Многие молодые художники делают не просто объекты, но инсталляции. Что такое инсталляция? Всего лишь неспособность создать простую и насыщенную вещь, сконцентрировать метафизическую и эстетическую энергию в раме, в куске дерева, бронзы или мрамора? Возможно. Но, как мне кажется, есть еще что-то другое. В инсталляции призвано участвовать тело во всей своей полноте, со всеми своими ощущениями — разумеется, зрением, но также и слухом, осязанием, а подчас и запахом, обонянием. Как если бы художники вместо «объекта» помещали нас в почти сакральное пространство и призывали нас не созерцать образы, а приобщаться к сущностям. Причащение Сущему, конечно же довольно смутному, примитивному, а подчас и пугающе грубому; но призыв явственно слышен. Эти инсталляции молодых художников, все эти тюки и узлы, переплетения труб, вся эта машинерия, — преодолевая мучительность утраченного основания, они несут иное сообщение: открытие того, что быть может, высшая цель искусства — это воплощение. То есть желание заставить нас испытать, посредством абстракций, форм, цветов и объемов, некое переживание, некий реальный опыт. Воплощение, но также и повествование. За этими инсталляциями прочитывается история: история Германии, история первобытного человека, история России, а может, и ничем не примечательные личные истории.

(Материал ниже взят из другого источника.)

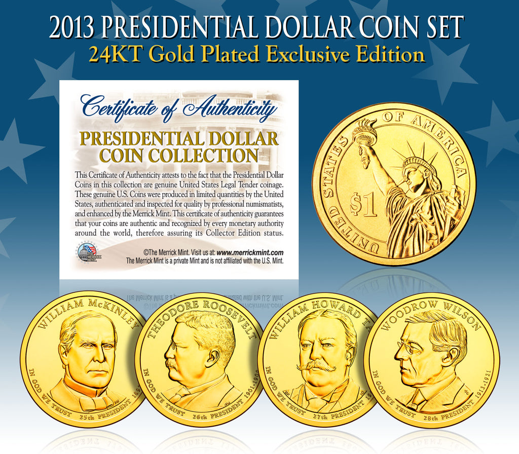 Here is your chance to own a complete set of four (4) 24KT Gold Plated 2013 Presidential $1 U.S. Coins featuring four U.S. Presidents: W. McKinley, T. Roosevelt, W.H. Taft, W. Wilson. Each coin is 24KT Gold Plated by the Merrick Mint to highlight the original design using a unique authentic process. The result is an everlasting 24KT Gold Plated coin collectible of ultra-high quality that is #1 in the industry. Each coin features a common reverse design of the Statue of Liberty and a unique Presidential portrait design on the obverse. Each coin is genuine legal tender of the United States and comes in an acrylic coin holder and includes a Full Color 2-sided Certificate of Authenticity. The United States Mint issues four Presidential $1 Coins each year. These coins feature large, dramatic artwork and edge-incused inscriptions of the year of minting, or issuance, E PLURIBUS UNUM and the mint mark. The inscription IN GOD WE TRUST appears on the face of the coins. The size, weight and metal composition of the Presidential $1 Coins are identical to that of the Native American $1 Coins.

Инсталляция предлагает нам рассказать наш собственный маленький роман. И — через наши ощущения, через наши истории — приобщиться к Сущему. И, хотя и несколько смутно, эти инсталляции — сообщники нашего упадка. Так как перед этими обломками, этими всполохами ощущений, этими разрозненными предметами вы больше не знаете, кто вы такие. Вы — на грани головокружения, быть может черной дыры, на грани дробления психики, которое обычно именуют психозом или аутизмом. И в этом — устрашающая привилегия современного искусства: привилегия сопровождать нас в этих новых болезнях души.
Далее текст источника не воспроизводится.